Таинственные аллеи, которые ведут к каждому человеческому существу и в глубине которых каждый вечер, быть может, заходит неподозреваемое солнце радости или печали, влекли его к себе. Каждое лицо, о котором он думал, сейчас же становилось непреодолимо милым; он прошел всеми теми улицами, на которых мог надеяться встретить кого-нибудь из них, и если бы его предвидение сбылось, – он, не боясь, подошел бы к незнакомому или просто безразличному ему человеку. Декорация, поставленная слишком близко, упала, и вдали жизнь встала перед ним во всем очаровании своей новизны и тайны, привлекая его к себе. Но горькое сознание того, что это был только мираж или действительность одного вечера, повергло его в отчаяние. Он страдал лишь оттого, что не мог немедленно достичь всех тех прекрасных ландшафтов, что были расположены в бесконечности, далеко от него. И вдруг его поразил звук собственного голоса, грубоватого и резкого, который вот уже четверть часа повторял: «Жизнь печальна, какой идиотизм!» (Это последнее слово подчеркивал сухой жест правой руки, и он заметил неожиданно резкое движение своей трости.) Он с грустью подумал, что эти машинальные слова были очень банальной передачей видений, которые, быть может, были непередаваемы.
«Увы! Только интенсивность моей радости или моей печали возросла во сто крат, а интеллектуальный повествователь остается все тем же.

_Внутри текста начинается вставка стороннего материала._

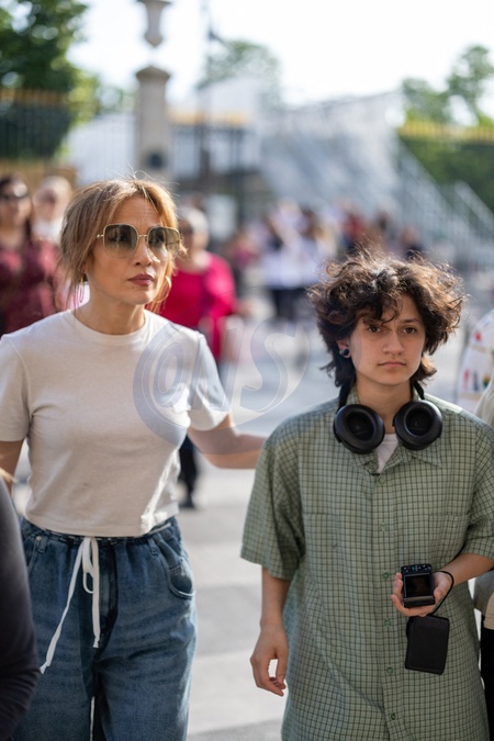 Exclusif - Jennifer Lopez sort de l'hôtel La Réserve pour aller dans un magasin de miroir renommé avant de profite des jardins parisiens avec Loren Ridinger, Benny Medina et sa fille, Emme à Paris, France, le 10 mai 2024. Exclusive - Jennifer Lopez leaves the La Réserve hotel to go to a renowned mirror store before enjoying the Parisian gardens with Loren Ridinger, Benny Medina and her daughter, Emme in Paris, France, on May 10, 2024.

Мое счастье – нервное, личное, непередаваемое другим, и, если бы я стал писать в этот момент, мой стиль отличался бы теми же достоинствами и теми же недостатками. Увы, был бы таким же посредственным, как и всегда». Но блаженное состояние, в котором он пребывал, не позволяло ему думать об этом дольше и немедленно даровало ему высшее утешение – забвение. Он вышел на бульвар. Проходили люди, которым он отдавал свою симпатию, уверенный в том, что она взаимна. Он чувствовал себя великолепным средоточием их внимания; он распахнул пальто, чтобы они видели белизну манишки его фрака и красную гвоздику в петлице. Таким являл он себя восхищению прохожих и нежности, сладостно его с ними соединявшей.